Гурдин испытующе взглянул на Риана, тот глаз не отвел. Древний с одобрением кивнул и побрел, гонимый ветром, бросающим в него ледяную крошку, вынуждая двигаться к центру рощи.
Здесь рос самый старый ильенграсс, настоящий великан, протягивая руки-ветви к обители Хелиоса. Гурдин думал, что Хранители встретят его в полном составе, но их пришло всего трое. Он бы усмехнулся, но губы внезапно треснули, а кровь, текущая из ранок, показалась проклятому горькой. Последующей боли он не чувствовал, хотя Хелиос постарался, его клинок, сияющий подобно множеству солнц, без устали поднимался и опускался, нанося Гурдину страшные раны.
— Стой! — древний не ожидал, что услышит ее шипящий голос. Внутри все замерло — лучше бы она не вмешивалась.
Некрита подошла ближе, и коварная, предвкушающая улыбка изогнула ее губы — непредсказуемая прочла мысли Гурдина.
— Я знаю, ты не боишься боли и молишь о смерти… — качнула головой. — Но это слишком легко, — еще она знала, куда ударить, чтобы было больнее. Преобразилась.
Гурдин сглотнул, глядя в лицо той, о которой хотел бы забыть, но не мог, как ни силился. Она являлась в снах и терзала его жестокими воспоминаниями.
— Нет, — прошептал он, а сдавленный стон, исторгнутый его горлом, походил на звериное рычание.
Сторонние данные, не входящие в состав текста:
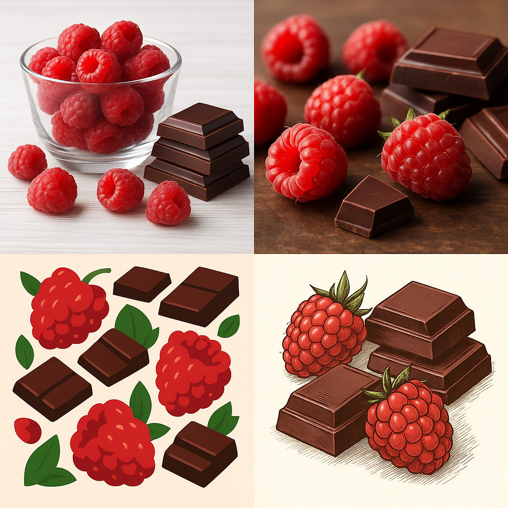 라즈베리는 비타민 C, 안토시아닌이 풍부해 항산화 및 면역 강화에 좋고, 초콜릿은 플라보노이드, 마그네슘 등을 포함해 심혈관 건강 및 기분 개선에 도움을 줄 수 있습니다.
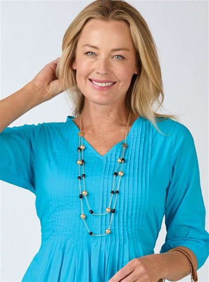With gold and black glass beads. Chain Lengths: 40.6cm/48.3cm with a 5cm extender.
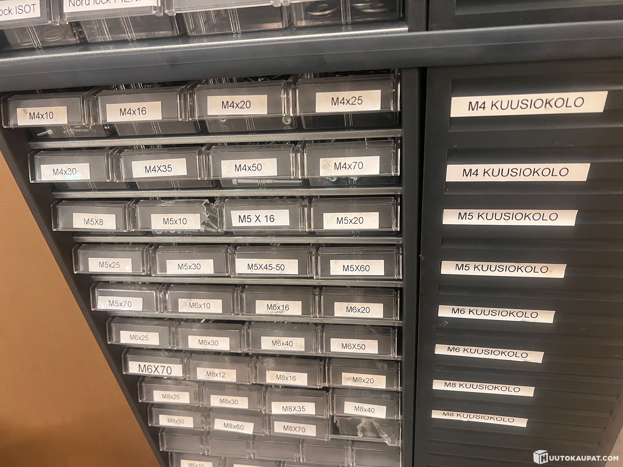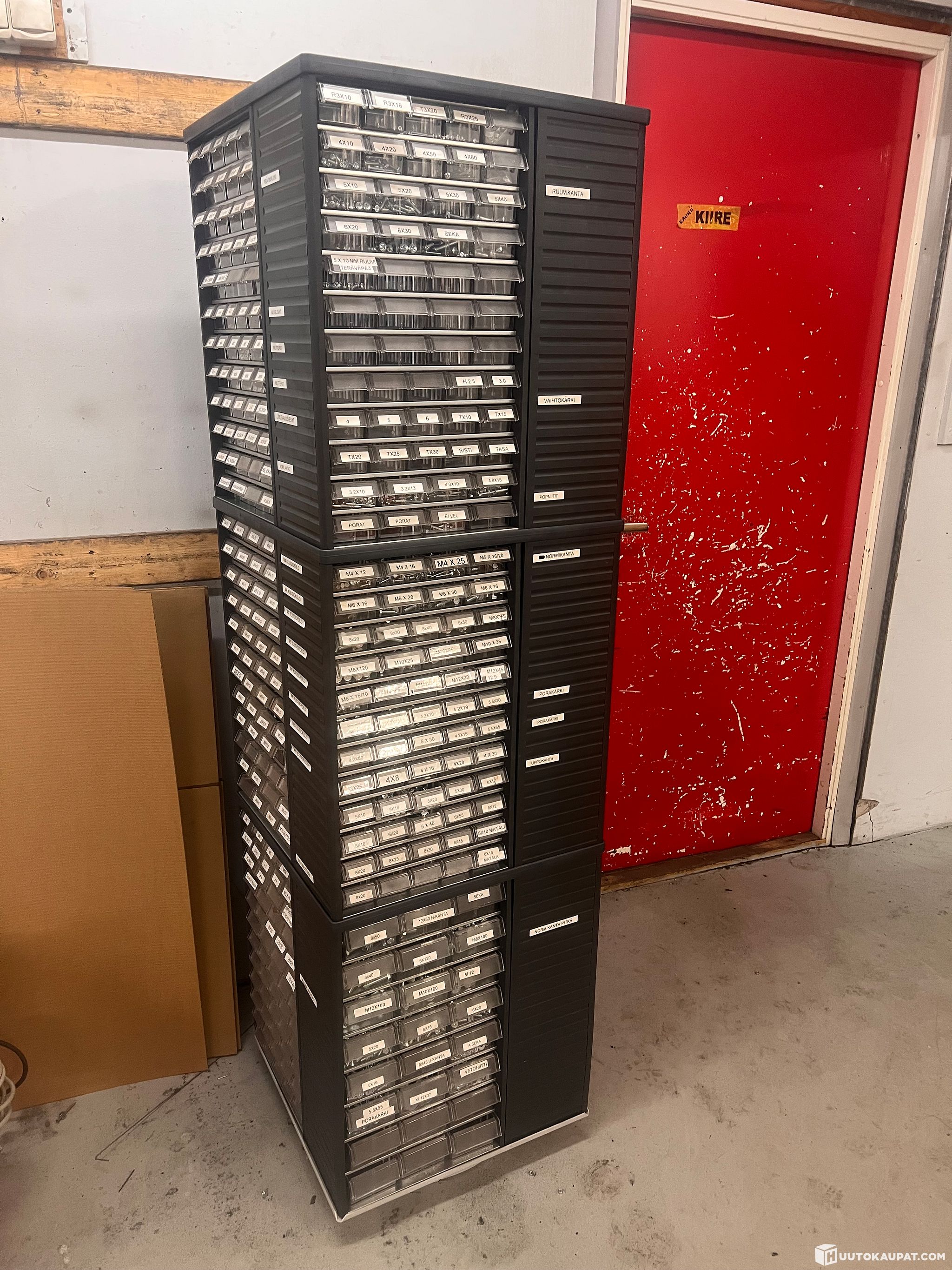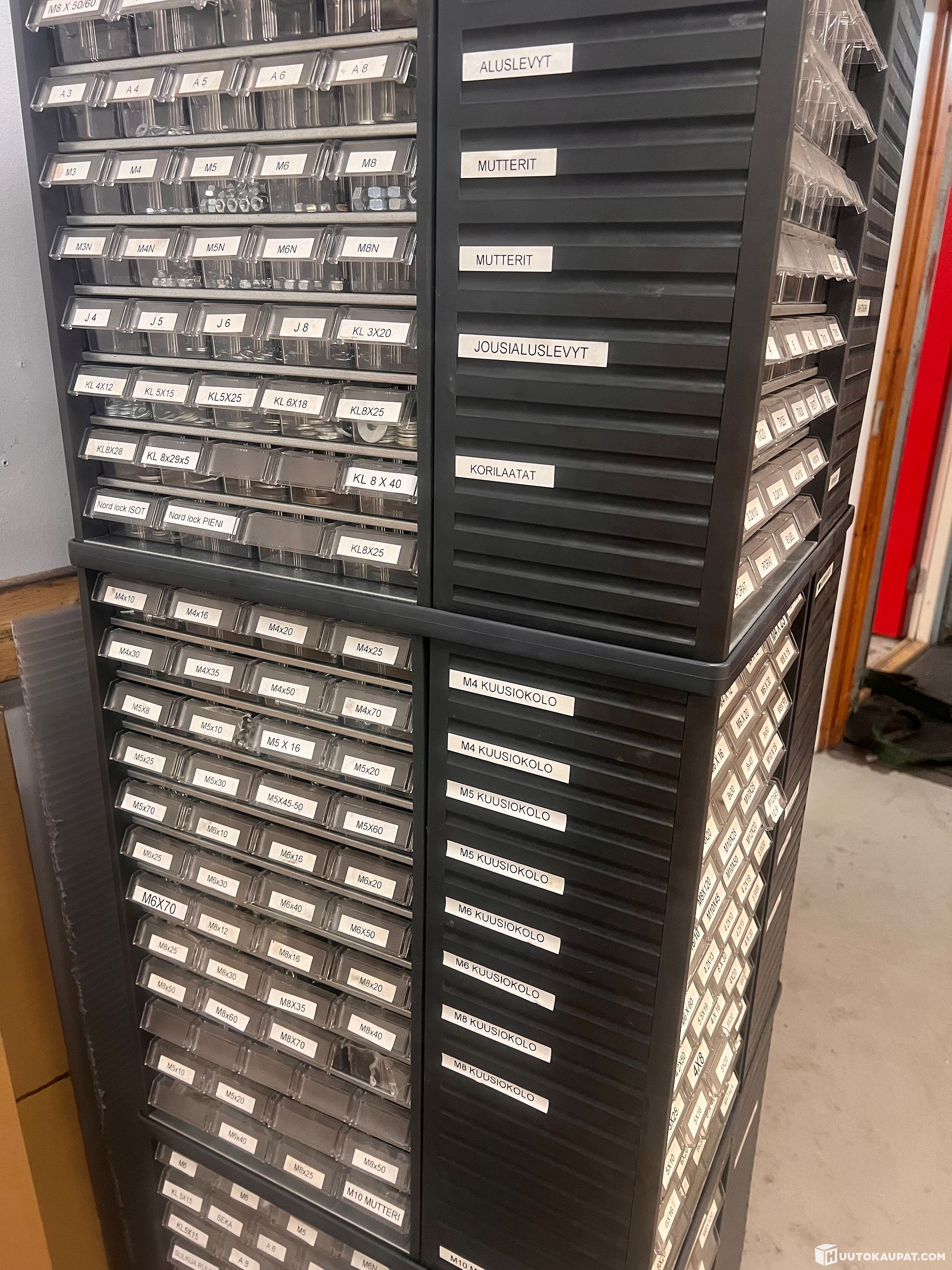 Pyörivä hyllylaatikosto, jossa vaihteleva määrä tarvikkeita (pultteja, muttereita, paineilmaliittimiä jne). Ostaja vastaa purusta ja siirrosta.
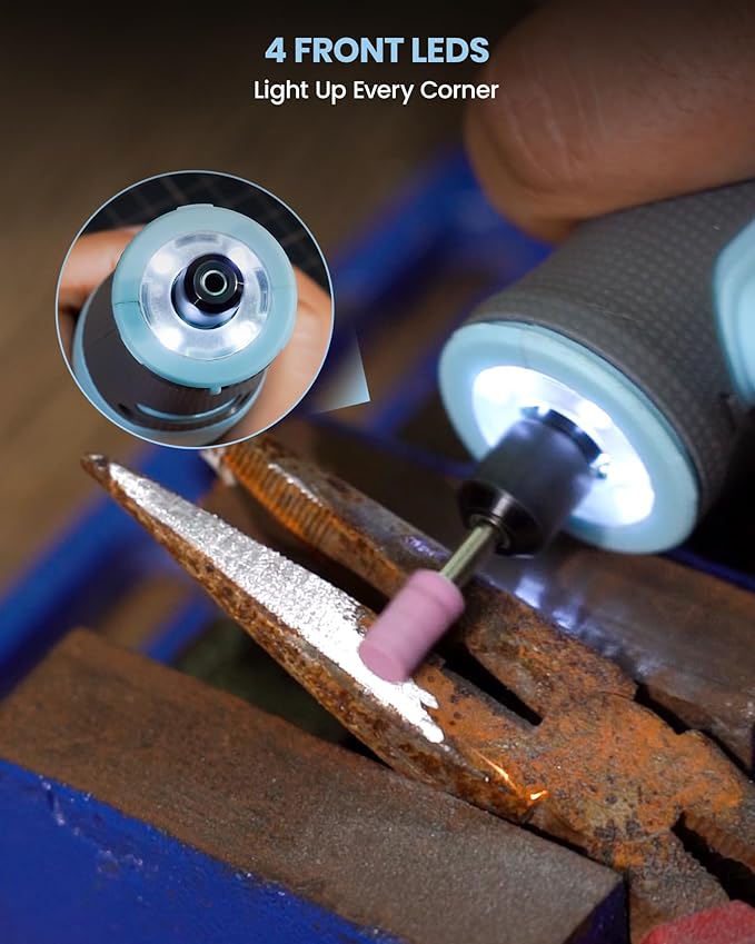 Rotary Tool Kit, Cordless Rotary Tool, 8V Rotary Tool with LED Lights, 5-Speed, 28000RPM, 2.0Ah Battery, 25 Accessories, for Carving, Engraving, Sanding, Polishing, Cutting and Pet Nails -
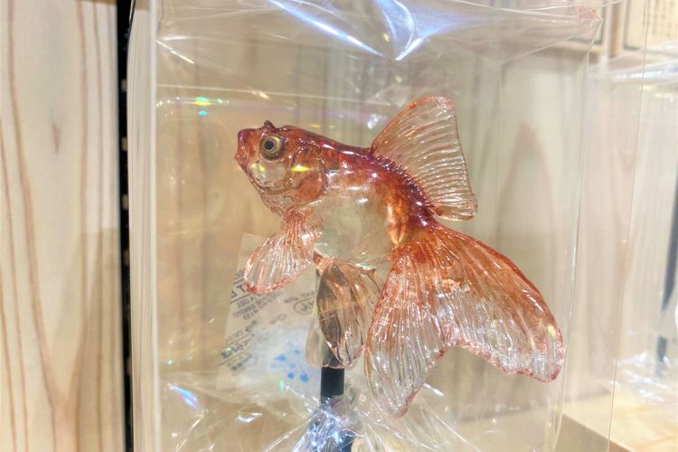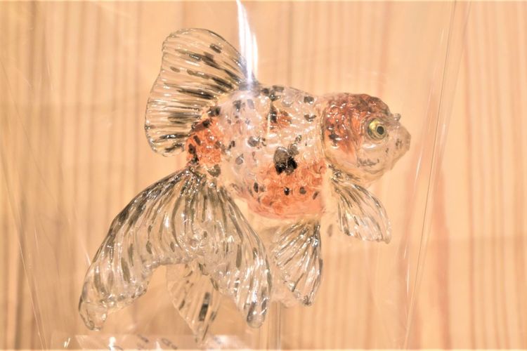 手塚新理さんの代表作は、透明な飴細工の「金魚」。
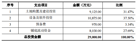 本項(xiàng)目總投資額預(yù)計(jì) 29,000.00 萬元,主要用于購(gòu)置土地、建筑工程和設(shè)備投資等,具體如下表所示:
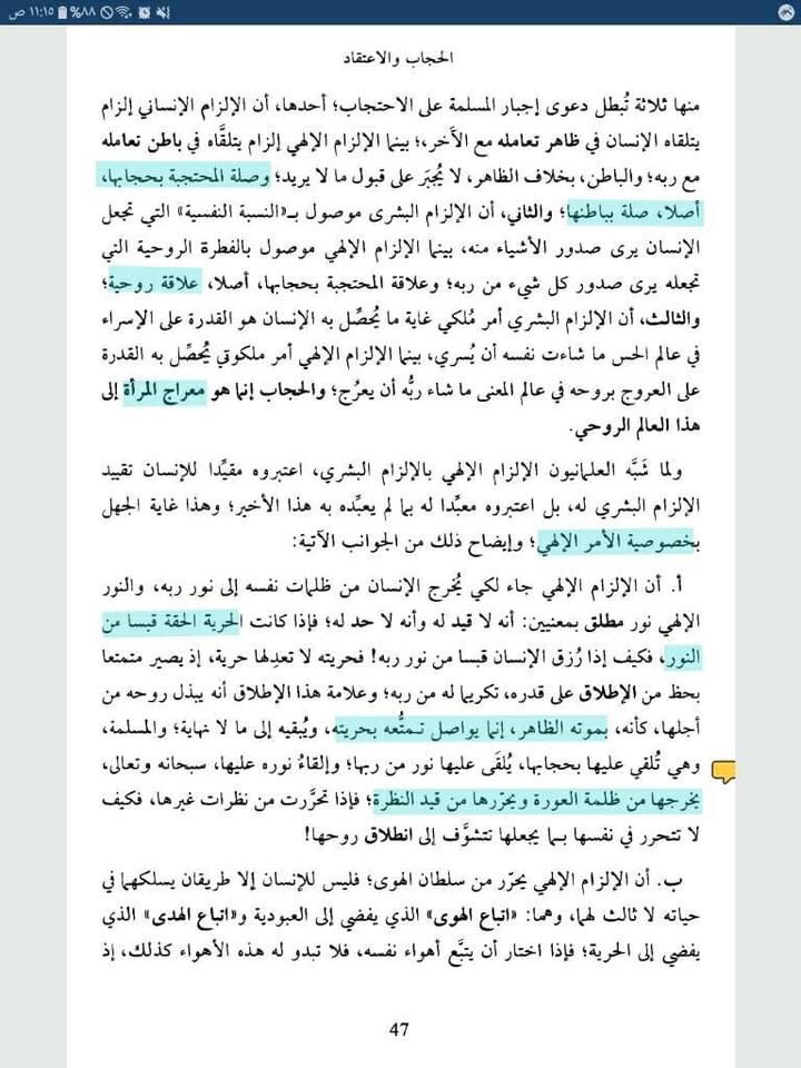 الإشكالية التي يواجه هؤلاء عدم استيعاب قيمة جسد المرأة، واللذة والنشوة والشهوة بين الجنسين، وأن الحجاب قيمة روحية والتبرج انحدار أخلاقي.
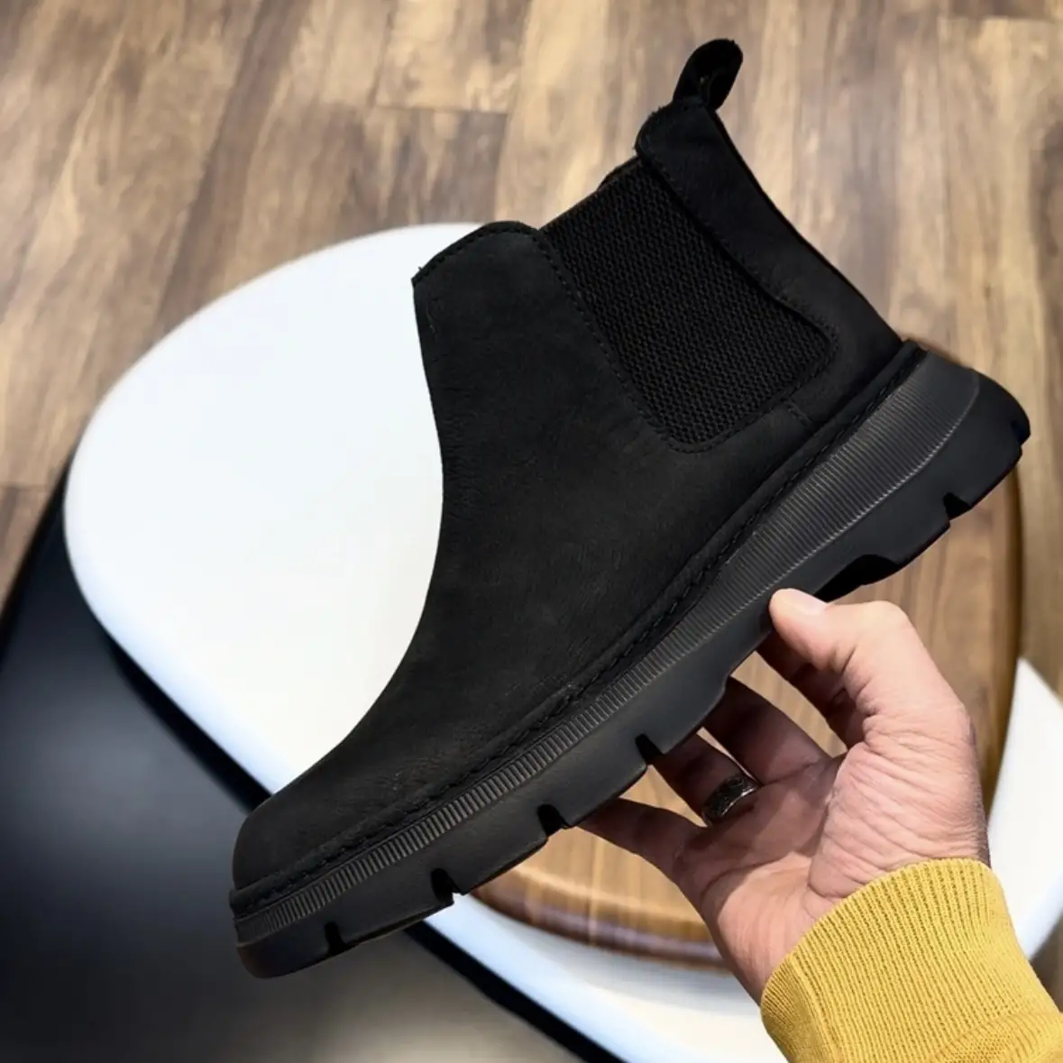 Siyah Nubuk Hakiki Deri EVA Taban Chelsea Bot

Так может рычать смертельно раненое животное. Некрита была довольна и не остановилась на достигнутом:
— Твое желание будет исполнено. Ты умрешь, но не сегодня, а гораздо позднее. И рука, которая оборвет твою жизнь, будет принадлежать той, в чьих жилах будет ее кровь, — Некрита постаралась, и Гурдин видел перед собой своенравную красавицу с золотыми волосами, слышал ее мелодичный голос.
— Да, — изрек он, сгорая от боли душевной, истекая кровью от телесных ран. — Оно будет справедливо… любимая… — сейчас он говорил не с Хранительницей.
И Некрита опять воспользовалась, изменилась, усмехнулась и собралась продолжить истязание, но вмешалась Люблина.
— Моя очередь, — она подошла и склонилась над Гурдиным.
Он попытался понять, что мешает ему видеть, почему красивое лицо Хранительницы расплывается перед его глазами.
— Это слезы, — тихо произнесла она. — Видишь, и ты умеешь сострадать.
— Я не… — древний понял, что Люблина права, и не смог закончить фразу.
— Кто ты? — спросила она.
— Я? — он будто бы изумился. Горестная насмешка причинила боль. — Разве не вы нарекли меня, госпожа?